WHAT TO DO: Drop the pictures and repeat the remaining data exactly.

STORED DATA:

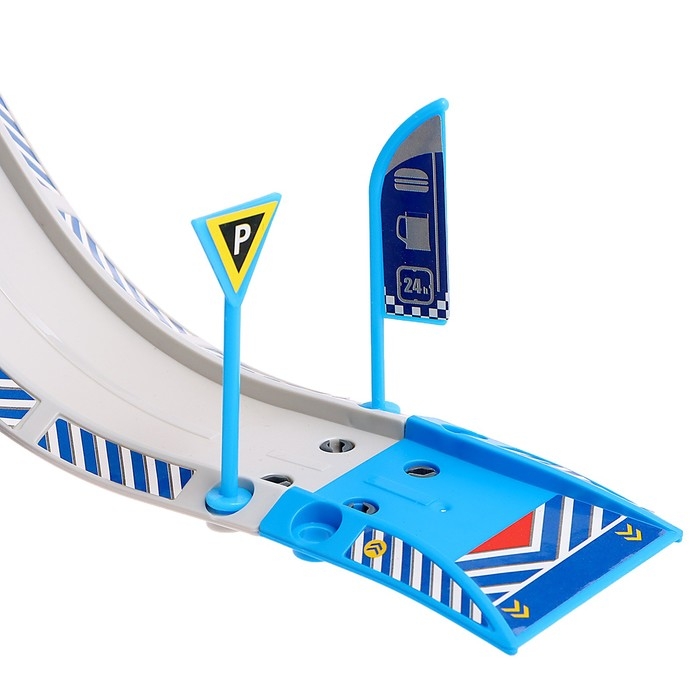 - В комплект входят фрагменты треков с дорожной разметкой и установленными на них дорожными знаками. Поэтому маленький гонщик сможет построить трассу и играть с машинками на парковке.
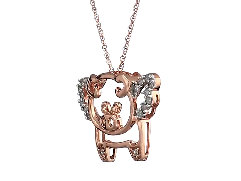 10k Rose Gold Diamond Flying Pig Pendant Necklace (1/10 cttw, I-J Color, I2-I3 Clarity)
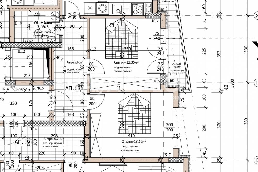 Предлаганият апартамент № 8 е ситуиран на трети жилищен етаж на кота +8,40м с чиста площ от 78,62 кв.м., /86,48 кв.м с общи части/ и има следното разположение: антре, просторна всекидневна с кухненски бокс, две спални помещения, баня с тоалетна и тераса с излаз от едната спалня и дневната.
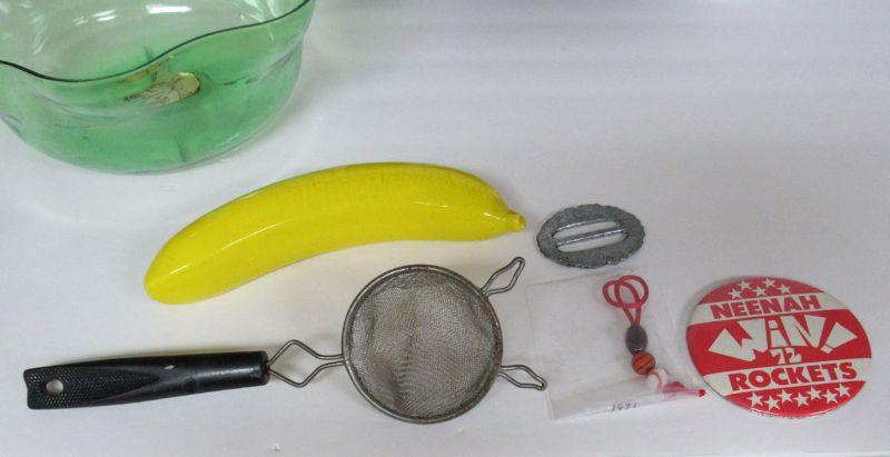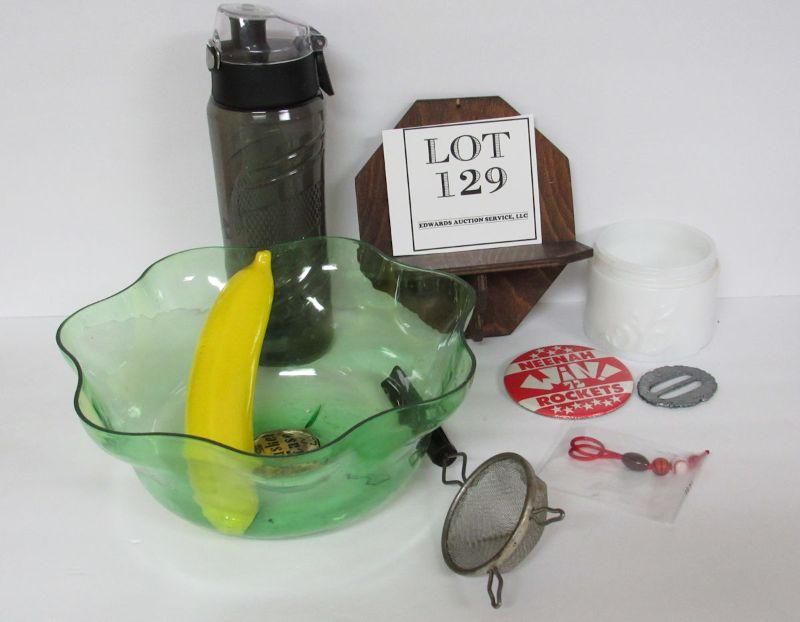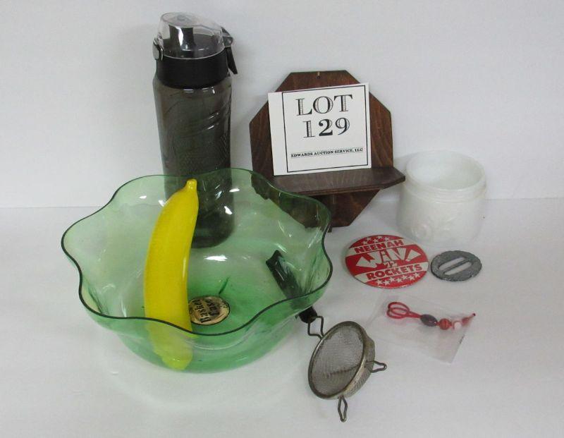 Small wood wall shelf, water bottle, bowl, strainer, milk glass jar no cover, metal belt end,pinback button, plastic bead piece.

SOLUTION TO THIS TASK:
 - В комплект входят фрагменты треков с дорожной разметкой и установленными на них дорожными знаками. Поэтому маленький гонщик сможет построить трассу и играть с машинками на парковке.
 10k Rose Gold Diamond Flying Pig Pendant Necklace (1/10 cttw, I-J Color, I2-I3 Clarity)
 Предлаганият апартамент № 8 е ситуиран на трети жилищен етаж на кота +8,40м с чиста площ от 78,62 кв.м., /86,48 кв.м с общи части/ и има следното разположение: антре, просторна всекидневна с кухненски бокс, две спални помещения, баня с тоалетна и тераса с излаз от едната спалня и дневната.
 Small wood wall shelf, water bottle, bowl, strainer, milk glass jar no cover, metal belt end,pinback button, plastic bead piece.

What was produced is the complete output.